I think we need an Amos right now. We need someone to help us feel our way through our new period of being disingenuous. We need someone to remind us that we can be very kind and helpful people on an individual basis but when we live within a system that can question whether or not we should help people in clear need, and when we live in a time in which legitimate political voices are calling for an end to any notion of “common good”, when we have to say “Black Lives Matter” instead of “All Lives Matter” because it is painfully obvious that all lives don’t matter, or we’d have reasonable gun control, no argument with criminal justice reform and no delay whatsoever when refugees from a war-torn country seek our shores.

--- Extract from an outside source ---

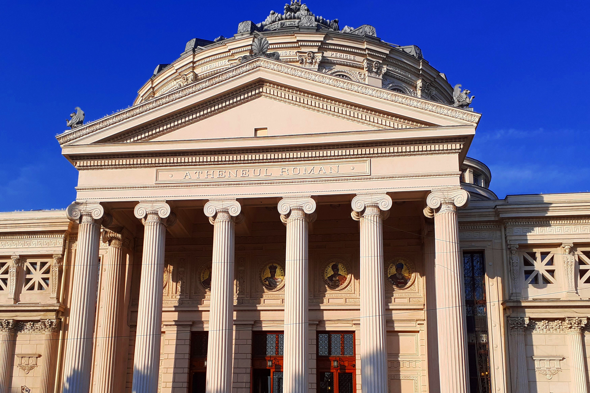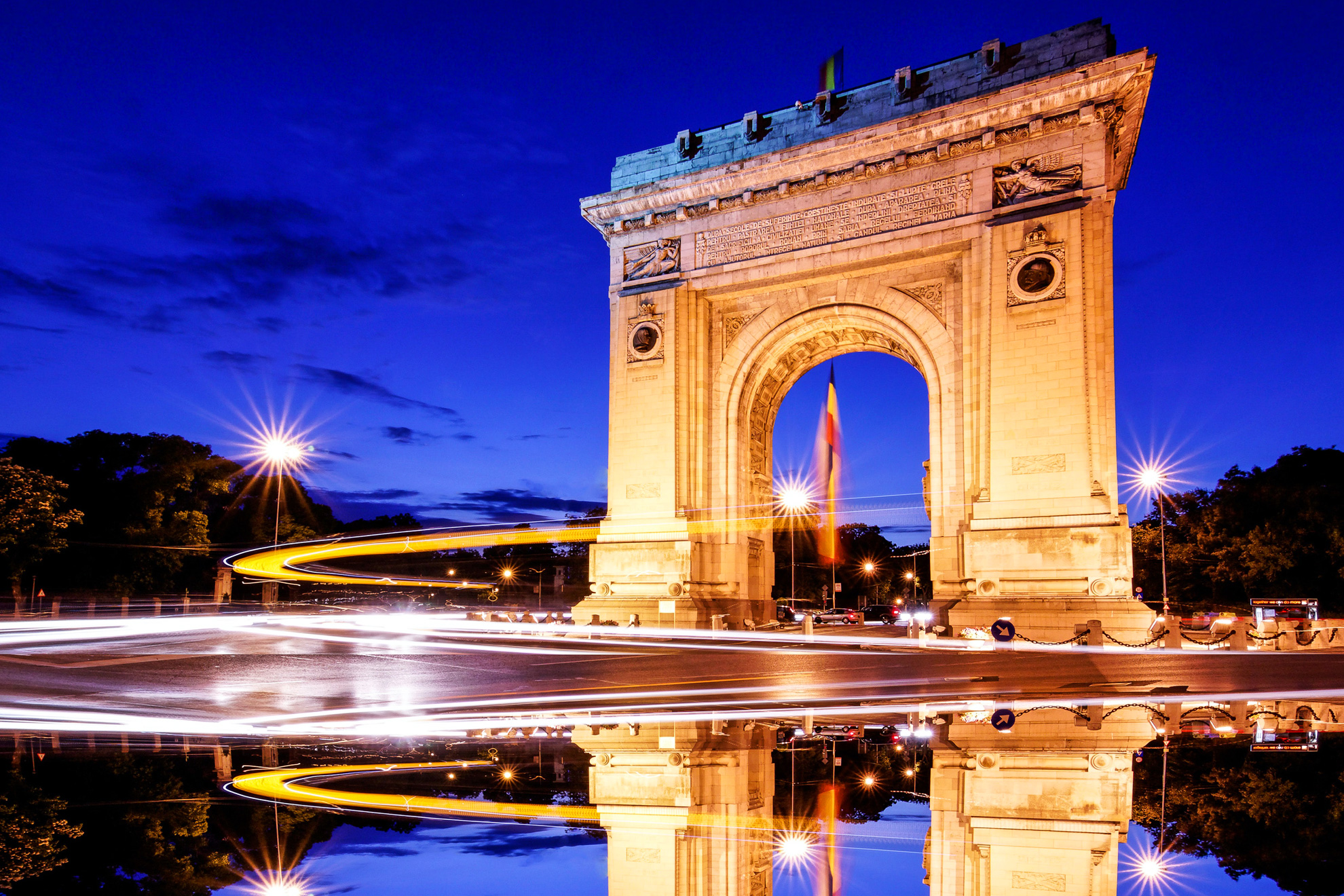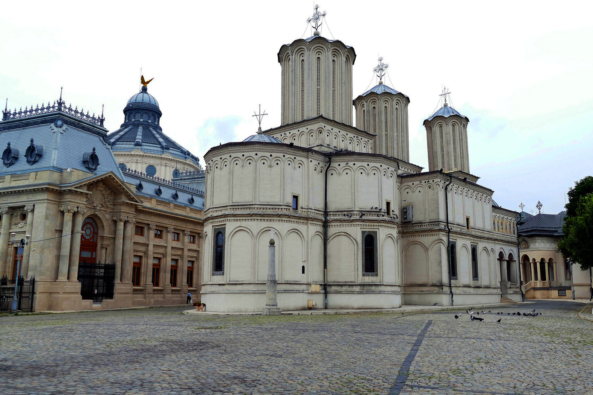 Сградите в центъра на Букурещ са силно повлияни в архитектурен план от френския стил през XIX в. и по-специално - Париж. Не напразно наричат румънската столица „Малкият Париж”. Ще видим много сгради, построени от френски архитекти. Триумфалната арка също напомня своята парижка посестрима. Първоначално арката е била дървена, издигната в памет на загиналите в Първата световна война. По-късно е подсилена и достигнала сегашната си височина от 25 метра. Минаваме покрай Атене – внушителна и красива сграда, с нейния висок купол и дорийски колони, построена с дарения през 1888 г. Народният театър, макар и построен в по-ново време, също поразява със своята архитектура. Патриаршеската катедрала „Свети свети Константин и Елена” е истински архитектурен шедьовър. Построена е в периода 1656 – 1658 г., когато е осветен и храмът. В северната част на вътрешното преддверие се намират мощите на свети Димитър Басарбовски. Вярва се, че мощите му изцерили много хора и извършили безброй чудеса.

This is my prayer this morning. That we might see that some judgment is needed…judgment that awakens our souls and refreshes our resolve to be the people of God, judgment which reminds us that there is a morality that undergirds the universe, imbalances will be corrected, but that God asks us to choose justice rather than have it visited upon us, to continue to engage the world with our seemingly small acts of kindness, so that we might build something that lasts…so that we might turn our hearts of stone into hearts of flesh…so that we might let our lights shine.